MATERIALS PROVIDED =
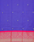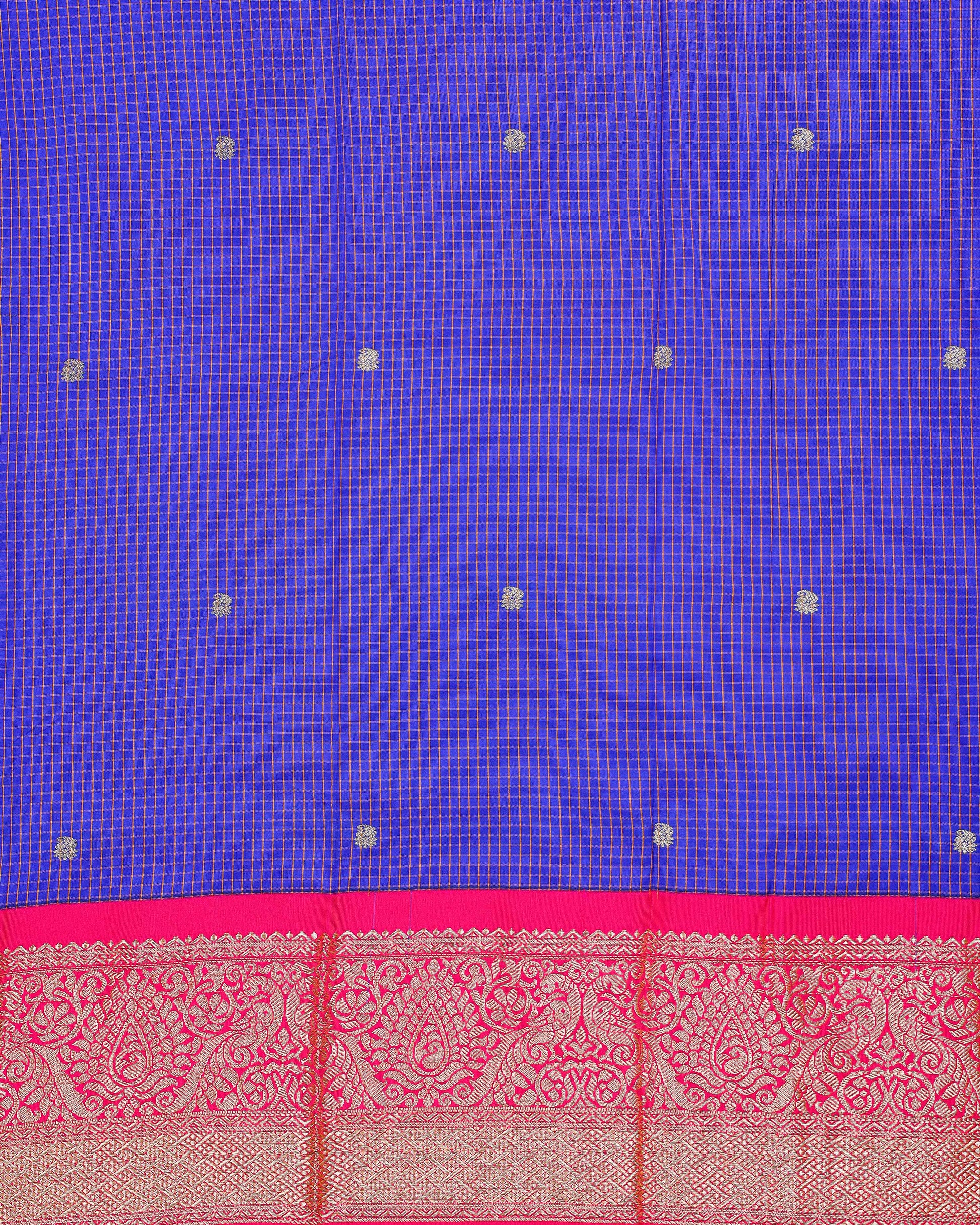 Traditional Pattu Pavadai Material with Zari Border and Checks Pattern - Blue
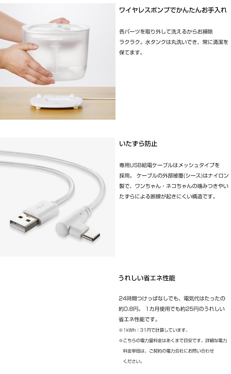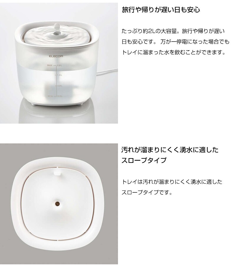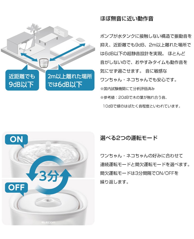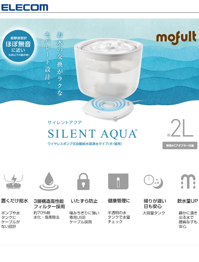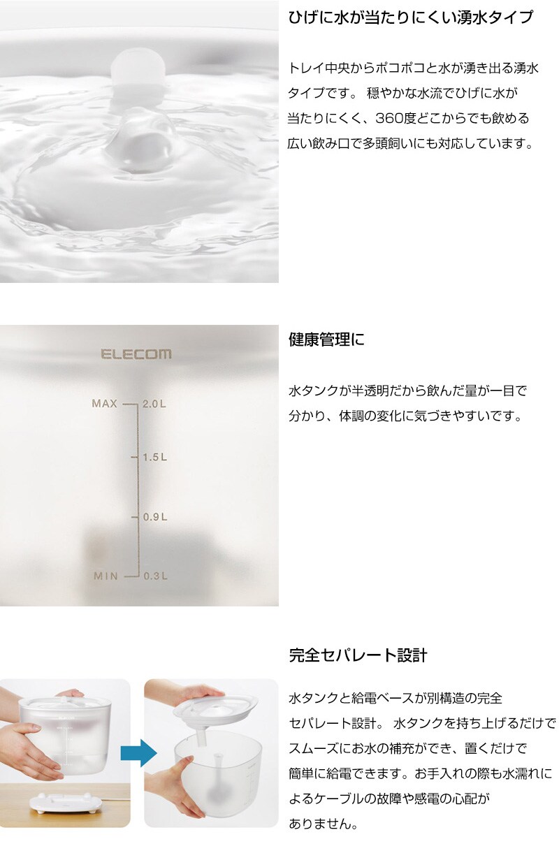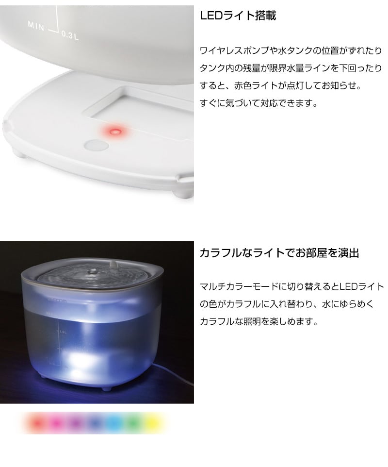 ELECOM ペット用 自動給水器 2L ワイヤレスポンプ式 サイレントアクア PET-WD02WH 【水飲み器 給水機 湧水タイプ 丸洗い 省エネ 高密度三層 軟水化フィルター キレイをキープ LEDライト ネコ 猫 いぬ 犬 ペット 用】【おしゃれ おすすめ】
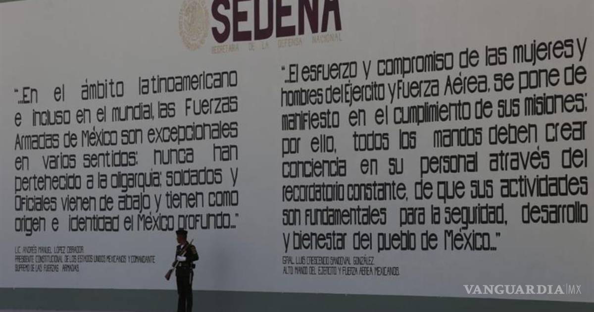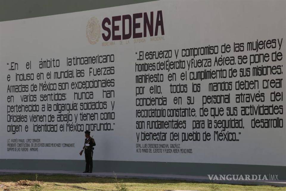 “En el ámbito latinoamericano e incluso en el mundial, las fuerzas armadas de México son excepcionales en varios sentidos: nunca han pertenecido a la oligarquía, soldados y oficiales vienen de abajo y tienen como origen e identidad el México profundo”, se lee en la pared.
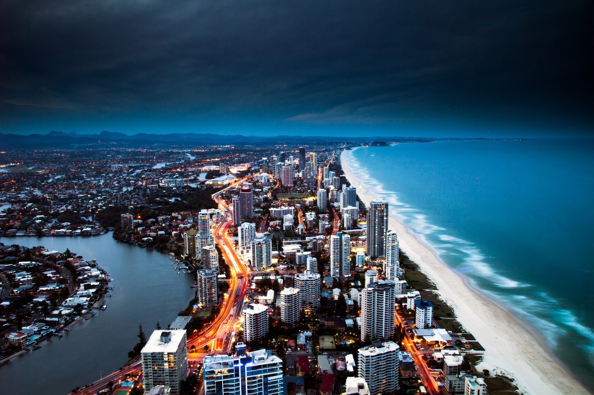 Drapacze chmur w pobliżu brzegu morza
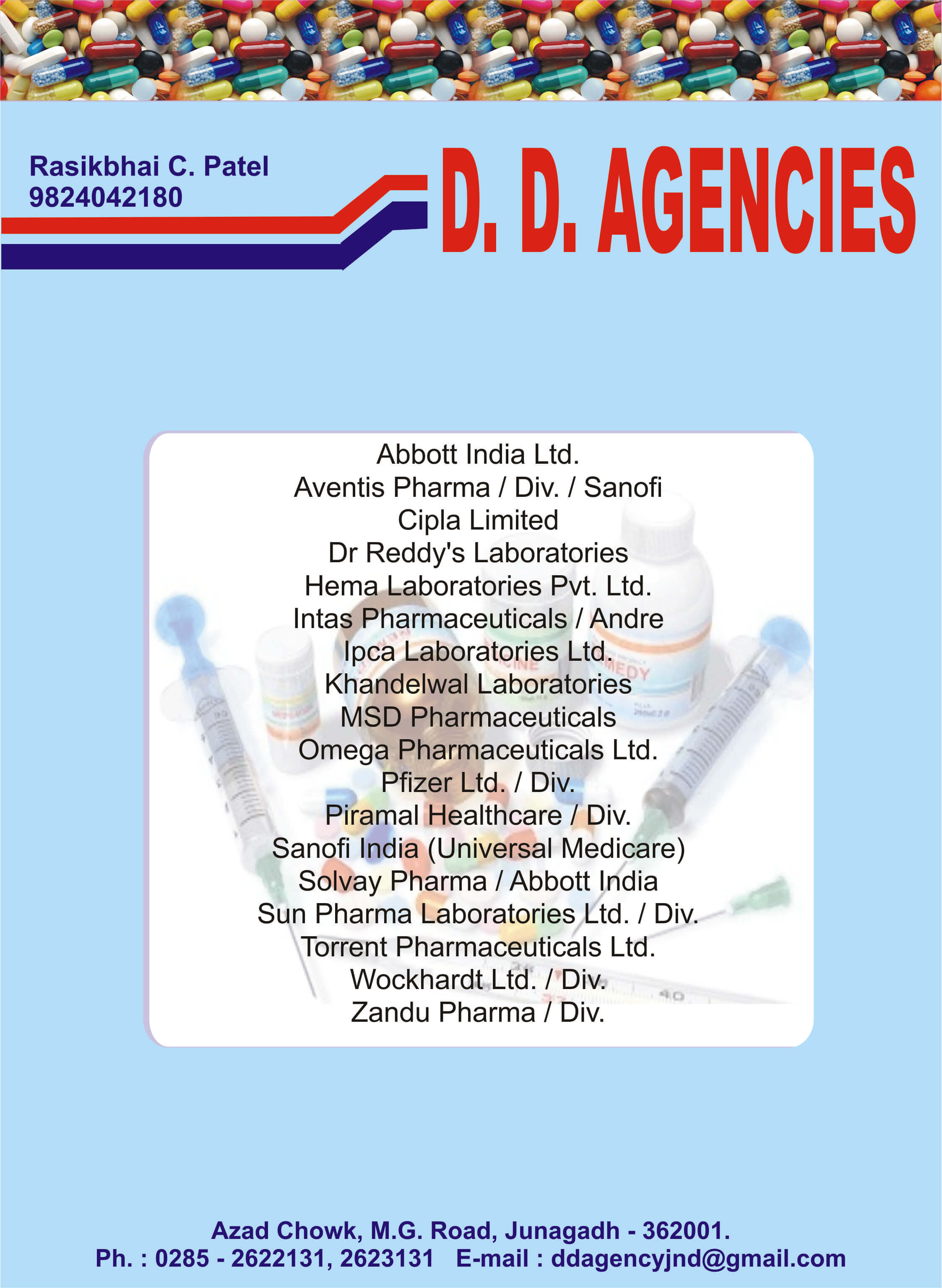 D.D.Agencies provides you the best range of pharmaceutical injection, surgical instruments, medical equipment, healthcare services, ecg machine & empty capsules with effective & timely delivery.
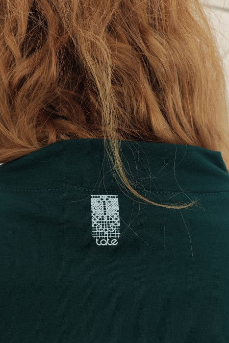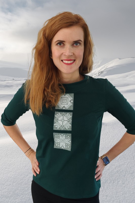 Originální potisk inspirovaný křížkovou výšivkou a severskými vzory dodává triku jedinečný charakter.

ASSIGNMENT = Reproduce every record above word for word. Leave the pictures out.

TASK ANSWER =
 Traditional Pattu Pavadai Material with Zari Border and Checks Pattern - Blue
 ELECOM ペット用 自動給水器 2L ワイヤレスポンプ式 サイレントアクア PET-WD02WH 【水飲み器 給水機 湧水タイプ 丸洗い 省エネ 高密度三層 軟水化フィルター キレイをキープ LEDライト ネコ 猫 いぬ 犬 ペット 用】【おしゃれ おすすめ】
 “En el ámbito latinoamericano e incluso en el mundial, las fuerzas armadas de México son excepcionales en varios sentidos: nunca han pertenecido a la oligarquía, soldados y oficiales vienen de abajo y tienen como origen e identidad el México profundo”, se lee en la pared.
 Drapacze chmur w pobliżu brzegu morza
 D.D.Agencies provides you the best range of pharmaceutical injection, surgical instruments, medical equipment, healthcare services, ecg machine & empty capsules with effective & timely delivery.
 Originální potisk inspirovaný křížkovou výšivkou a severskými vzory dodává triku jedinečný charakter.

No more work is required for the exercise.